── DATA TO USE ──
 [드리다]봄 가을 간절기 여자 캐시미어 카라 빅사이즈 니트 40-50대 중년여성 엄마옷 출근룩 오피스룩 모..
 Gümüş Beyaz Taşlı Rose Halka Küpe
───
── DATA TO USE ──
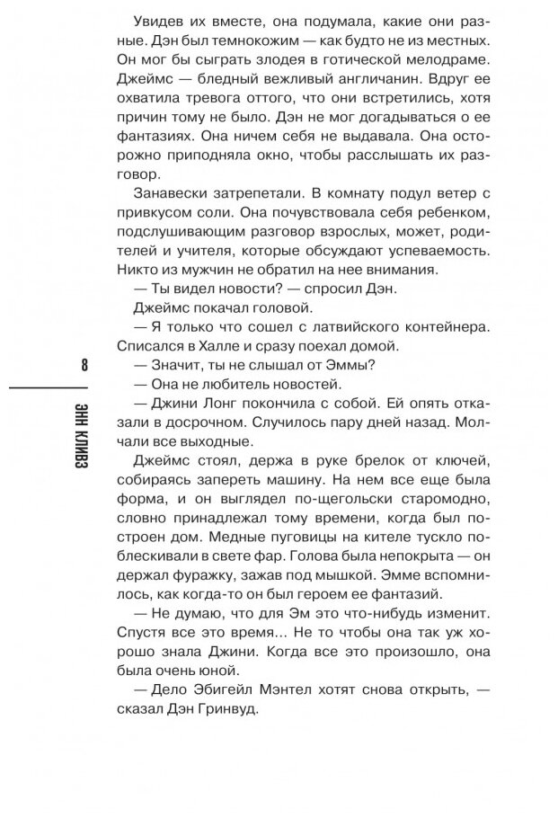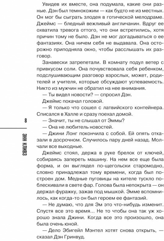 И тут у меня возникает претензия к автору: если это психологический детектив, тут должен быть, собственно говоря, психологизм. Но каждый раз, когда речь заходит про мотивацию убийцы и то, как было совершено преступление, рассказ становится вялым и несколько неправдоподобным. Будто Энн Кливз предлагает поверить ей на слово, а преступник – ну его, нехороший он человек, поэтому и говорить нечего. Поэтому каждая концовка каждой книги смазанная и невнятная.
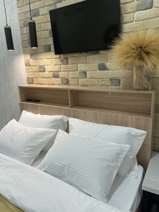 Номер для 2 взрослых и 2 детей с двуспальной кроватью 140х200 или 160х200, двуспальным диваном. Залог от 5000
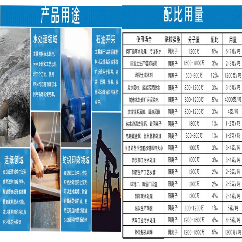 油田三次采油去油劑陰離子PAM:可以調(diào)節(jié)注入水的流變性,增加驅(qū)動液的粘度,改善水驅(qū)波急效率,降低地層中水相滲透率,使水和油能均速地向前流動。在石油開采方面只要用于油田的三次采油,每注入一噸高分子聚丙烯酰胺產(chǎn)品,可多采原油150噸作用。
───
── DATA TO USE ──
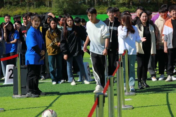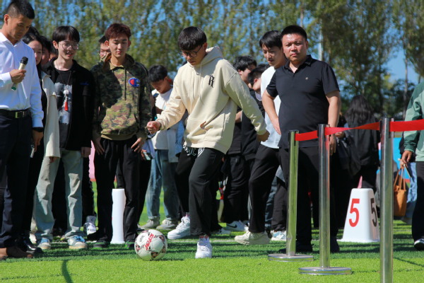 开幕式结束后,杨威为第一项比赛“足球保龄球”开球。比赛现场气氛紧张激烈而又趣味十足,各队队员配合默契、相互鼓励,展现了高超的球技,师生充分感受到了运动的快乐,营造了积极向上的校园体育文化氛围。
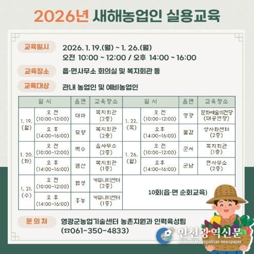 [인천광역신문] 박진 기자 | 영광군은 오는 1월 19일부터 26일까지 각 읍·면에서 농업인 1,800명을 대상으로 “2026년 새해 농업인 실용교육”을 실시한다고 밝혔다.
───
▸ **YOUR OBJECTIVE**
Pictures in the entries do not go into the copy. Print only the lines starting at the one containing "Номер для 2" and ending at the one containing "油田三次采油去油劑陰離子PA", exactly as they appear.

▸ **RESULT**
 Номер для 2 взрослых и 2 детей с двуспальной кроватью 140х200 или 160х200, двуспальным диваном. Залог от 5000
 油田三次采油去油劑陰離子PAM:可以調(diào)節(jié)注入水的流變性,增加驅(qū)動液的粘度,改善水驅(qū)波急效率,降低地層中水相滲透率,使水和油能均速地向前流動。在石油開采方面只要用于油田的三次采油,每注入一噸高分子聚丙烯酰胺產(chǎn)品,可多采原油150噸作用。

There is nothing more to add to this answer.